First of all, let’s talk about what is meant by ‘organic’.  Organic certification requirements vary worldwide (a potential limitation in itself), but in general, organic foods are produced without synthetic pesticides or fertilizers, without irradiation or chemical food additives, and without the routine use of growth hormones or antibiotics.  Organic animals are fed organically produced food and are raised in an outdoor environment where they are free to move around. Also, genetically modified organisms (GMOs) are not used in organic food production. 

The question as to whether eating organic is healthier was addressed in a systematic review published in the Annals of Internal Medicine.  From 240 identified studies, the following key findings were noted:

1.  The differences in terms of nutrients in organic compared to standard fare are minimal. 
There is a slightly higher level of phosphorous in organic food, but this is not thought to make a difference in overall health, as phosphorous deficiency is only seen in states of near-total starvation.  There are also higher levels of beneficial fatty acids in organic milk and chicken, and a couple of other small nutrient differences of questionable significance.

2. There was no difference in allergic symptoms or outcomes (eczema, wheezing, etc). 

3. There was a 30% higher risk for pesticide contamination in conventional produce compared to organic, but the differences in risk for exceeding maximum allowed limits were small.  Two studies showed lower urine pesticide levels in children who ate organically. 

4. Overall, E coli contamination risk was no different in organic produce, but the results of individual studies was conflicting and the authors noted that more research needs to be done in this area.

5. In chicken and pork, the risk of exposure to antibiotic-resistant bacteria was higher in conventional meat compared to organic meat.  However, it’s not clear if this is of importance to human health, because it is inappropriate use of antibiotics in humans (not in the meat we eat) that is the major cause of antibiotic-resistant infections in humans. 

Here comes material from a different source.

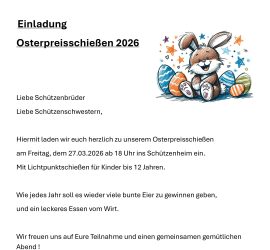 Der Bürgerschützenverein Schwerterheide lädt alle Mitglieder ein zur Frühjahrs-Generalversammlung 2026 in das Schützenheim bzw. die Gaststätte „Auf der Heide“ an der Heidestraße. Die Veranstaltung findet am Freitag, dem 13.März, statt. Beginn ist um 19.30 Uhr. Wesentliche Schwerpunkte des Abends werden die Besprechung der zentralen BSV-Veranstaltungen des Jahres 2026 sein, wie […]
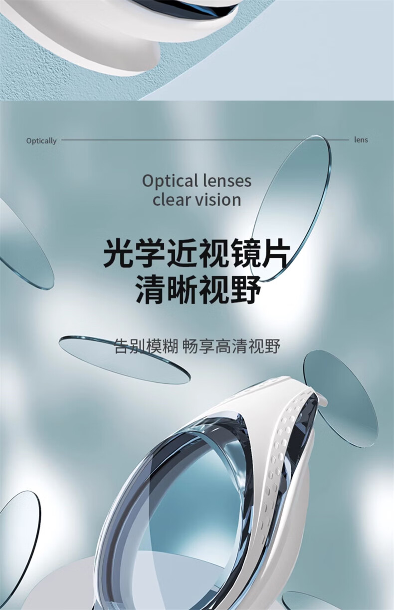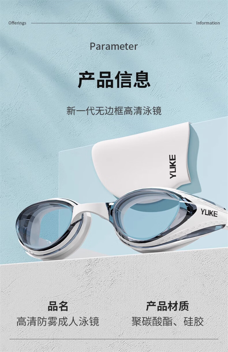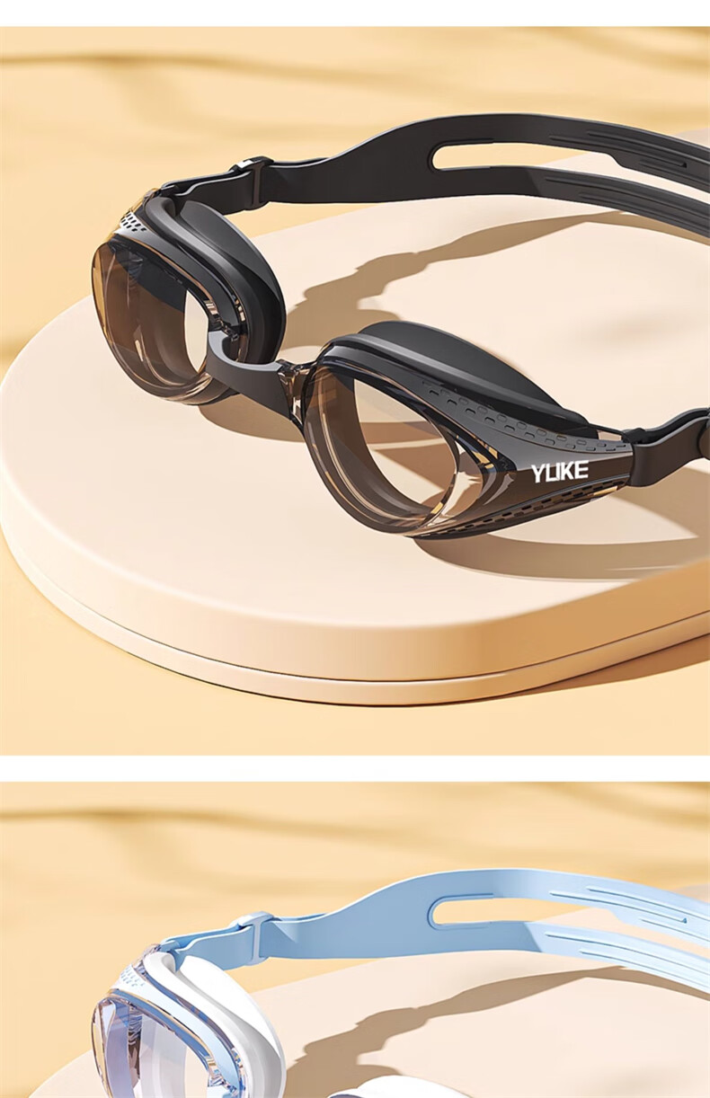 Yuke swimming goggles HD anti-fog waterproof women's myopia swimming goggles men's swimming cap swimming goggles swimming and diving equipment complete set dark night black earplugs nose clip + spare nose bridge flat light no myopia

6. There are no long term studies on the effect of eating organically on human health. 


The authors conclude that eating organically does not seem to have a great health benefit… But who really knows?   Long term studies on human health would need to be done to know this answer for sure.  I agree that there is not convincing evidence at this time to say that eating organically has big health benefits – but this possibility has not been ruled out.  The definition of ‘organic’ is variable worldwide, and the first step to understanding the benefits of organic food would be to at least standardize how we define it.